Friday, August 25, 2017

The Great American Eclipse

(two solar postings in one month!)
I first heard about this maybe a year or so ago, but did nothing about it.  With young kids, plans are often last minute.  Last month, we decided we could finally commit, so we scrambled for a hotel room or campsite.  Naturally, they were all booked up, at least online. There were a few vacancies provided by first-time AirBNBers wanting to take full advantage of price gouging. We found places in Portland, so we secured those first, but later on a whim, I decide to phone around at various hotels inside totality.  Surprisingly, it took less than five calls to find a hotel that still had rooms at reasonable rates; they were reserved for non-internet customers.

From Oklahoma - there was certainly an eventful excitement in the air

An hour before totality, people would park next to open fields with picnic blankets
We chose to watch from a park, where eclipse festivities brought locals and tourists out in the hundreds.

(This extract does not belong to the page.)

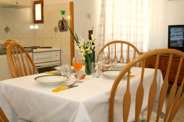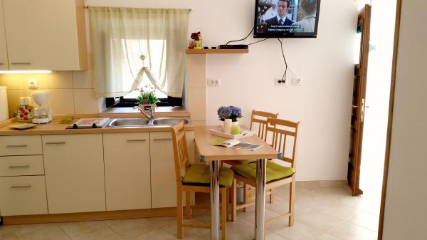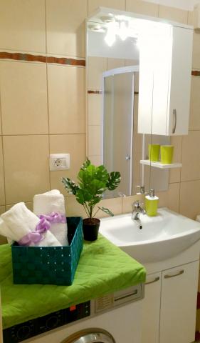 Dieses geräumige und komfortable Apartment (65 m2) besteht aus zwei Schlafzimmern und zwei Badezimmern, was es ideal für Familien oder kleine Gruppen junger Leute macht. Die Wohnung bietet Platz für bis zu 5 Personen. Der Raum ist sorgfältig mit angenehmen Details dekoriert und bietet den Gästen die Möglichkeit für einen entspannten Urlaub mit allen verfügbaren Annehmlichkeiten. In der Wohnung genießen Sie eine angenehme Atmosphäre mit einem Flachbild-TV, einem bequemen Sofa, ein idealer Ort, um den Tag mit Ihrem Lieblingsfilm ausklingen zu lassen, Musik zu hören oder ein gutes Buch zu lesen. Der Speisesaal ist mit einem bequemen Tisch ausgestattet, an dem unsere Gäste bei einer frisch zubereiteten Mahlzeit mit Freunden und Familie zusammensitzen können. Die voll ausgestattete Küche bietet alles, was Sie zum Zubereiten von Mahlzeiten benötigen. Die Terrasse ist der attraktivste Teil des Apartmenterlebnisses. Es ist mit einem Bistrotisch mit zwei Stühlen ausgestattet und bietet Ihnen die Möglichkeit, ein romantisches Frühstück oder Abendessen zu genießen oder sich einfach nur zu unterhalten und Ihre Besuche in der Altstadt und an den schönen Stränden zu planen.

And the moment we were waiting for - totality!  A star appeared just left of the sun, which unfortunately wasn't capturable with the camera settings I used

And here's the exuberance of a crowd immersed in the shadow of the moon.

Getting to totality was fine...getting out was a 7 hour trip, normally only 4 hours.
We had just over a minute of totality from where we were, in Woodburn, Oregon.  There are few natural wonders that are as grand as a solar eclipse, and everyone in our group agreed it was entirely worth the drive.

Monday, August 7, 2017


Can't get much bigger than this (aside from the accidental capture of a far-off universe in a night photo):

This is the first time I've photographed the sun as a subject. Only used a UV filter, and dialed back exposure to -2 stops.  That little dot is a sunspot, about 11 times the size of the earth.  I needed to take multiple photos with the sun in different positions just to confirm that it wasn't a speck on my lens.

The smoke from forest fires has made midday feel like a third world country with lax pollution controls.  A week ago, when the smoke began blowing in, it triggered memories of coal smoke from villages in Tanzania and the pervasive smog in Beijing.  Fortunately for us, this should scrub out the first rainfall, which some weather reports are calling for in about a week's time.

Sunday, September 18, 2016

Time flies like an arrow, crane flies like a wall

It's September, and no matter what your age, it's a time of change.  The nights have gotten chillier, morning breaths condense, and giant mosquitoes are now flying in open windows at night.  But no, they're actually not mosquitoes, but a species of non-biting species of fly called the crane fly.

Started noticing them hanging out on the wall by the school.  A mysterious ratio of 20 males to one female.

The way they perch on the wall is a bit unique.  Their heads are flush against the wall, the rest of the body hanging by the front four legs, and the rear legs keeping their abdomen pointed up.

The crane fly has only one pair of flying wings.  Most other flying insects would have two pairs.  If you look closely, you'll see a pair of club-like appendages that evolutionarily were the second pair of wings.  These halteres act as counterbalances for the crane fly, a feature that most other types of flies have.

What we see as the crane fly is actually a short-lived part of its life cycle.  The adult form lives for only a few weeks, doesn't eat, and it's sole purpose at that stage is to mate.  They mature around the same time of year to maximize their opportunity to mate.  Spiders take advantage of the bonanza of crane flies, whose gangly legs snag easily on webs.

Eggs are laid in damp soil, and the grubs feed on grass roots.  In large enough populations, they can devastate lawns.  Those of you who garden may have come across them as fat, grey caterpillar-like grubs.

Female insects that lay their eggs beneath the ground will have an ovipositor, or a tapered end of the abdomen.  Grasshoppers are another insect with this feature.

Males are typically smaller, and have a blunt end of their abdomen.

They seem to manage to be able to fly while copulated, though I have yet to get a good look at who steers.  I can't imagine it to be a romantic experience.

Sunday, May 1, 2016

I'm usually the one on dog duty in the morning.  My walking route takes me around a nearby elementary school.  And at least once a year, I've spotted one or two killdeer (I usually hear them before I see them) strolling through the schoolyard on a spring morning.  I used to think that they somehow had gotten lost - they *are* shorebirds, after all - but according to

"Look for Killdeer on open ground with low vegetation (or no vegetation at all), including lawns, golf courses, driveways, parking lots, and gravel-covered roofs, as well as pastures, fields, sandbars and mudflats. This species is one of the least water-associated of all shorebirds."

When I was elementary school age, I had learned from a nature documentary that the killdeer would famously hobble around with what seemed to be a broken wing as a way to distract predators from a clutch of eggs at the nest site.  The killdeer then become a minor character in a story I wrote for Language Arts, a story that became a source of pride when my grade 7 teacher said some encouraging words regarding the maturity of the piece in front of the entire class.  That was probably why I still write about birds today.  Maybe there's a child at this school who has also seen this bird and has written it into a story of his or her own.